2.6. Linkage Disequilibrium (LD) Analysis

We evaluated the LD between pairs of markers for the entire TP and for each cluster. The extent of LD in each TP was indicated as r² which is the squared allele frequency correlation between pairs of markers with known genomic positions. Generally, the larger the r² value, the larger the degree of association among loci in the genome. This estimation was performed in TASSEL v5.2.60 [41].

2.7. Genomic Selection Model

Three genomic selection models, Bayesian LASSO, Reproducing Kernel Hilbert Space (RKHS), and Ridge-Regression Best-Linear Unbiased Prediction (RR-BLUP), were used for model training. However, RR-BLUP performed similarly or slightly better than the two other models and had the fastest computational time; therefore, only results from RR-BLUP are presented in this study.

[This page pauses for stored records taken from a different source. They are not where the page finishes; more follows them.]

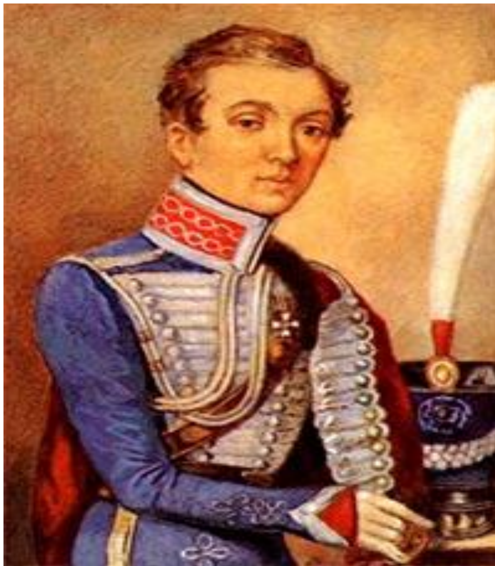
Надежда Андреевна Дурова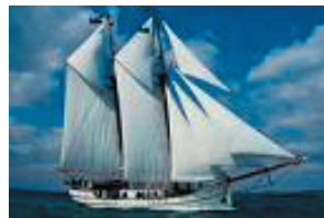
om te varen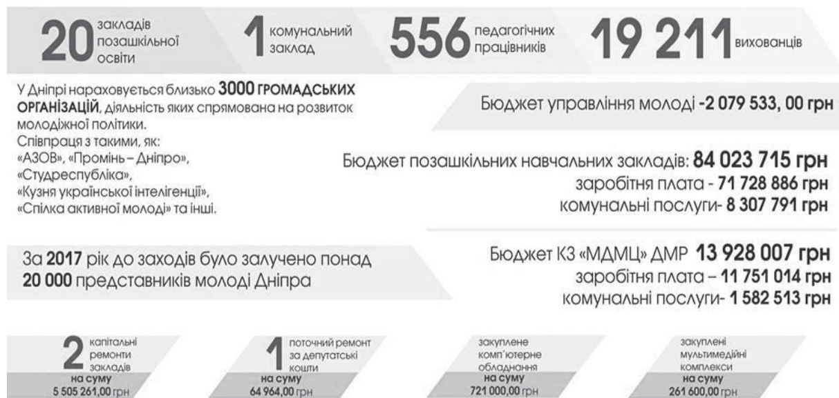
Рис. 2. Звіт за рік стосовно відкритих можливостей для молоді в умовах децентралізації.

- Вчитель року – рейтингово-конкурсна програма для вчителів. У 2017 році більше 30 осіб отримали грошові премії.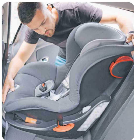
En Chile el uso de la silla de retención infantil del auto apenas llega al 33% y la mayoría lo hace de manera incorrecta.

➔ Pese a la insistencia y recomendaciones entregadas, muchos padres no toman aún la precaución necesaria para garantizar la seguridad de los niños en los vehículos con adecuados sistemas de retención infantil. De hecho, ésta es la principal causa de muerte en el mundo de niños entre 5 a 15 años, por lo cual, debemos protegerlos del riesgo cotidiano y diario que tiene el transporte en automóviles.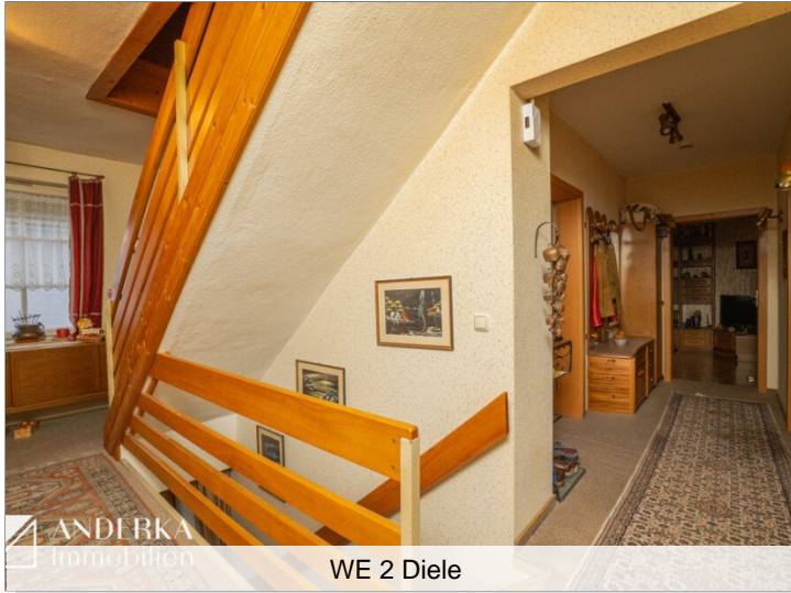
WE 2 Diele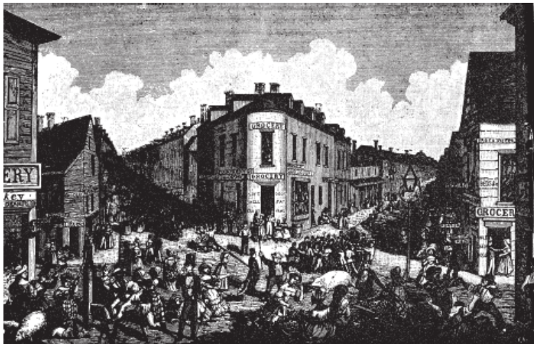
Район Пять Точек в 1829 году

История банд Нью-Йорка, изложенная Гербертом Осбери в 1928 году в его солидной книге на четырех сотнях страниц, раскрывает всю мерзость варварского мироздания, его огромные размеры, царившие в нем беспорядок и жестокость. Действие в книге происходит в подвалах старых пивоварен, превратившихся в бараки негров и нищих ирландцев, в выдавшем виды трехэтажном Нью-Йорке, заполненном бандами негодяев вроде «болотных ангелов», которые выбираются из канализации на мародерские вылазки; головорезов типа «рассветных», вербующих в свои ряды 10 – 11-летних убийц; лишенных совести громил-одиночек вроде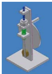
図 4 改良型冷凍機 3D 図

新しく製作した冷凍機を図 5 に示す。上部には取手がつけられ、持ち運びに適した形になっている。冷凍サイクル実現に必要なクランク軸回転数は 700rpm であり、コイルスプリングを内蔵した遠心力式回転計で所望の回転数を得る構造になっている。本装置を手動で 2 分間作動させたところ、室温から -3^{\circ}\text{C} まで温度を下げる事ができた。冷却部には従来機同様、霜の発生が確認できた。(図 6)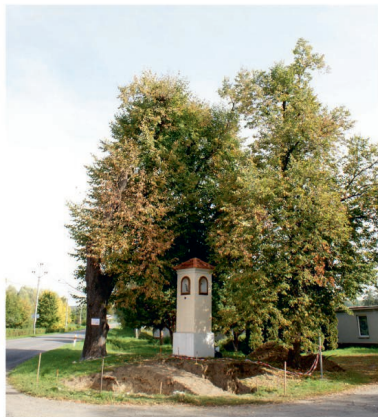
Náves v Majetíně

Otázka, jak poškození vzniklo, přivedla odborníky k historickým pramenům, které ukazují, že vojáci do první poloviny 19. století používali zuby k otevírání prachových nábojů. Vojáci museli náboje doslova trhat zuby, aby oddělili část náboje se střelným prachem od kule. „Voják si opakovanou činností zuby oslabil a následkem tohoto stresu mohlo dojít i k zlomení korunek zubů,“ popsal Šín. I když jsou zmínky o praxi zaznamenány v historických pramenech, fyzický důkaz vědci postrádali. Voják z Majetína se stal jedinečným případem, který nese viditelné stopy po opakovaném mechanickém oddělování prachových nábojů.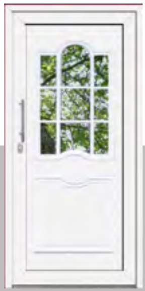
MILAN außen: Klarglas plan innen: Klarglas wärmebeschichtet Mindestmaß 640 x 1665 mm HT 330 x 1665 mm ST Farbe: RAL 9016 weiß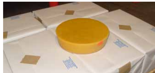
Pakitud kärjepõhi ja vahaketas

Kokkuvõtteks. Selleks, et kiirel hooajal ei tekiks kärjepuudust, siis, lugupeetud mesinikud, hoidke vaha- ja kärjemajandus korras, sulatage vanad kärjed esimesel võimalusel vahaks ning vahetage kärjepõhja vastu enne mesindushooaja algust.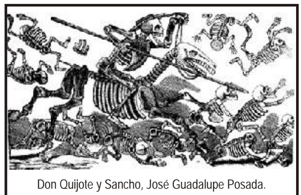
Don Quijote y Sancho, José Guadalupe Posada.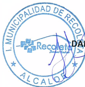
DANIEL JADUE JADUE ALCALDE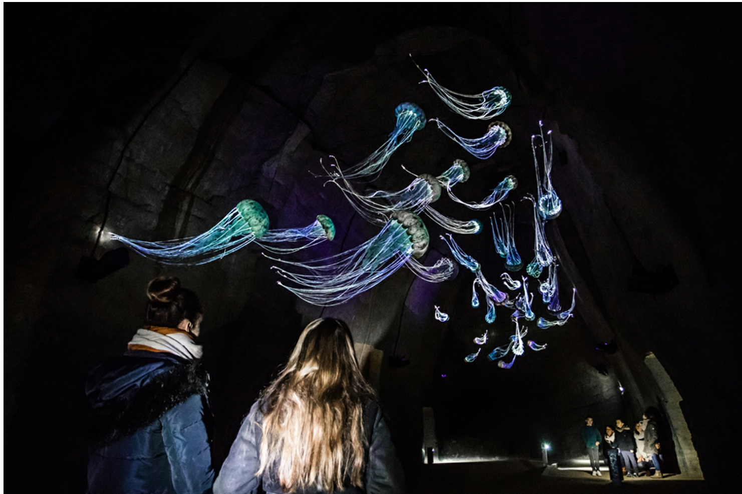
Scénographie du Mystère des faluns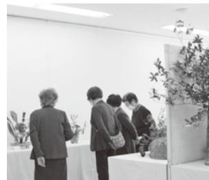
まちづくりセンター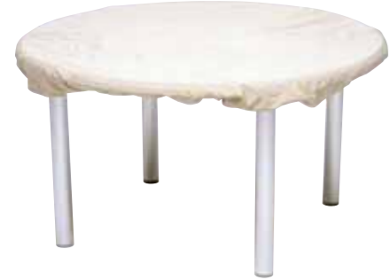
① テーブルカバー CP905 Table Cover CP905 ¥5,250 (本体価格¥5,000) ポリエステル+PUコーティング φ1,050～φ1,500の天板に適用します。

マーケットアンブレラを長時間ご使用にならない時は、天幕の汚れ等を取り、十分に乾燥させた後、専用の保護カバーで覆ってください。また風の強い時も保護カバーに収納しますと安全です。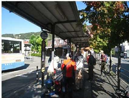
阪急箕面駅①番バス停

CLの復帰第1戦になるはずの4人1組例会山行、体力を考慮しての箕面と聞いておりました。ところがどっこい、「北岳」に2週間前に行ってきたはりました。そんなことで紅葉もない箕面でしたが、晴天の秋空のもと新入会員の方、ほんまに久しぶりの方々のハイキングを楽しんだ。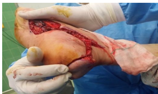
شکل ۵. جای گذاری فلاپ به روی نقص اولیه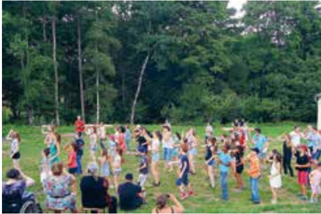
Chorégraphie à la colo.

Belle année 2016 avec cent vingt enfants accueillis à la colonie des Basses-Pierres (Vosges) et quelques retardataires refusés, hélas, faute de place.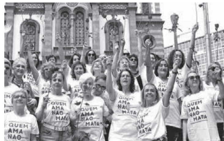
Repúdio a sentença de juiz de SC em 2020

qualquer, num espetáculo protagonizado pelos advogados da época, tanto em sede de tribunal, por meio de suas performances ou disputados torneios de oratória na cena do júri, quanto em suas defesas para formação da opinião pública em jornais e publicações jurídicas.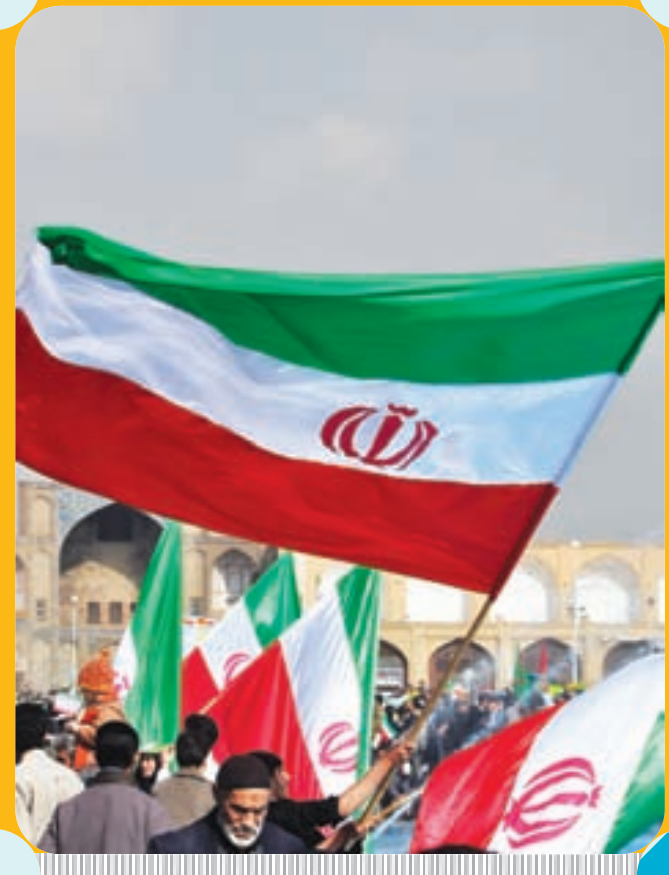
در حاشیه راهپیمایی ۲۲ بهمن

An RR-BLUP model was used for all genomic predictions with models trained as follows:

y = 1µ + Zu + ɛ

(9)

u ~ MVN (0, Iσ²_u)

(10)

ɛ ~ MVN (0, Iσ²_ɛ)

(11)

where y is a vector of BLUEs of the lines in the training population; 1 is an n × 1 vector with elements equal to 1; µ is the grand mean; Z is an n × p design matrix with elements of 1 or –1 (where –1 represents the minor allele); u is a p × 1 vectors of marker effects; ɛ is an n × 1 vector of residuals; σ²_u is the variance of marker effects; I is an identity matrix; and σ²_ɛ is the error variance. σ²_u and σ²_ɛ were estimated using restricted maximum likelihood (REML). The RR-BLUP model was implemented with the rrBLUP package version 4.6 [42] in R. Predictive abilities were calculated using a five-fold cross validation method with 500 iterations within the rrBLUP package. All analyses were performed using R version 3.5.2.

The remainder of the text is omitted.